How do I increase the *ClientConfiguration.clientExecutiontimeout* to avoid
this issue or is this the right way to handle this issue ? I don't want the
FlinkKinesisConsumer streaming app to fail just because there might be no
records in the Kinesis Stream. I am using TRIM_HORIZON to read from the
start of the Kinesis Stream.

 TIA,

Re: Encountered the following Expired Iterator exception in getRecords using FlinkKinesisConsumer

Posted by Vijay Balakrishnan <bv...@gmail.com>.
I have 2 shards in the Kinesis Streams- need to figure out how to check
from the logs if records are being written to both shards .
Not sure if this is what you are looking for in terms of # of shards read-
seems like 1 from the logs below:

DEBUG org.apache.http.wire                                         [] -
http-outgoing-12 <<
"{"took":2,"errors":false,"items":[{"index":{"_index":"mlist-5sec-comp-idx","_type":"mlist_5sec_comp_schema","_id":"66zEqWcBmN9Gpk7gdac7","_version":1,"result":"created","_
*shard*
s":{"total":2,"successful":1,"failed":0},"_seq_no":34,"_primary_term":1,"status":201}}]}"

14:51:23,842 [I/O dispatcher 36] DEBUG org.apache.http.wire
                        [] - http-outgoing-9 <<
"{"took":1,"errors":false,"items":[{"index":{"_index":"mlist-5sec-inst-idx","_type":"mlist_5sec_inst_schema","_id":"7KzEqWcBmN9Gpk7gdadA","_version":1,"result":"created","_
*shard*
s":{"total":2,"successful":1,"failed":0},"_seq_no":43,"_primary_term":1,"status":201}}]}"


On Fri, Dec 14, 2018 at 12:28 AM Tzu-Li (Gordon) Tai <tz...@apache.org>
wrote:

> Hi,
>
> I’m suspecting that this is the issue:
> https://issues.apache.org/jira/browse/FLINK-11164.
>
> One more thing to clarify to be sure of this:
> Do you have multiple shards in the Kinesis stream, and if yes, are some of
> them actually empty?
> Meaning that, even though you mentioned some records were written to the
> Kinesis stream, some shards actually weren’t written any records.
>
> Cheers,
> Gordon
>
>
> On 14 December 2018 at 4:10:30 AM, Vijay Balakrishnan (bvijaykr@gmail.com)
> wrote:
>
> Hi Gordon,
>
> My use-case was slightly different.
>
> 1.  Started a Kinesis connector source, with TRIM_HORIZON as the startup
> position.
> 2. Only a few Records were written to the Kinesis stream
> 3. The FlinkKinesisConsumer reads the records from Kinesis stream.

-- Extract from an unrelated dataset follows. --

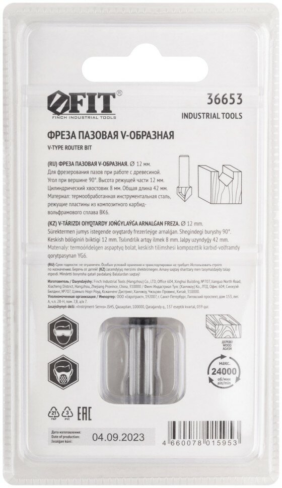Фреза FIT пазовая V-образная 12х12х42мм (36653)

Then
> after a period of time of not reading anymore Kinesis Stream records, it received
> the “Encountered an unexpected expired iterator” warning in the logs, and
> the job failed with the misleading AmazonKinesisException?
>
> Also, in 1 with LATEST  as the startup position, I have not been able to
> read any records from the Kinesis Stream.Still trying to pinpoint what i am
> doing wrong. For sure, I am not using checkpoints and not sure if this
> causes any issues with LATEST option.
> TIA,
> Vijay
>
> On Thu, Dec 13, 2018 at 2:59 AM Tzu-Li (Gordon) Tai <tz...@apache.org>
> wrote:
>
>> Hi!
>>
>> Thanks for reporting this.
>>
>> This looks like an overlooked corner case that the Kinesis connector
>> doesn’t handle properly.
>>
>> First, let me clarify the case and how it can be reproduced. Please let
>> me know if the following is correct:
>> 1. You started a Kinesis connector source, with TRIM_HORIZON as the
>> startup position.
>> 2. No records were written to the Kinesis stream at all.
>> 3. After a period of time, you received the “Encountered an unexpected
>> expired iterator” warning in the logs, and the job failed with the
>> misleading AmazonKinesisException?
>>
>> Cheers,
>> Gordon
>>
>> On 13 December 2018 at 6:53:11 AM, Vijay Balakrishnan (bvijaykr@gmail.com)
>> wrote:
>>
>> Hi,
>> Using FlinkKinesisConsumer in a long running Flink Streaming app
>> consuming from a Kinesis Stream.
>> Encountered the following Expired Iterator exception in getRecords():
>>  org.apache.flink.streaming.connectors.kinesis.internals.ShardConsumer []
>> - Encountered an unexpected expired iterator
>>
>> The error on the console ends up being a misleading one: "Caused by:
>> org.apache.flink.kinesis.shaded.com.amazonaws.services.kinesis.model.AmazonKinesisException:
>> 1 validation error detected: Value 'EARLIEST_SEQUENCE_NUM' at
>> 'startingSequenceNumber' failed to satisfy constraint: Member must satisfy
>> regular expression pattern: 0|([1-9]\d{0,128}) (Service: AmazonKinesis;
>> Status Code: 400; Error Code: ValidationException; Request ID: ..)
>> "
>>
>> How do I increase the *ClientConfiguration.clientExecutiontimeout* to
>> avoid this issue or is this the right way to handle this issue ? I don't
>> want the FlinkKinesisConsumer streaming app to fail just because there
>> might be no records in the Kinesis Stream. I am using TRIM_HORIZON to read
>> from the start of the Kinesis Stream.
>>
>>  TIA,
>>
>>

Re: Encountered the following Expired Iterator exception in getRecords using FlinkKinesisConsumer

Posted by "Tzu-Li (Gordon) Tai" <tz...@apache.org>.
Hi,

I’m suspecting that this is the issue: https://issues.apache.org/jira/browse/FLINK-11164.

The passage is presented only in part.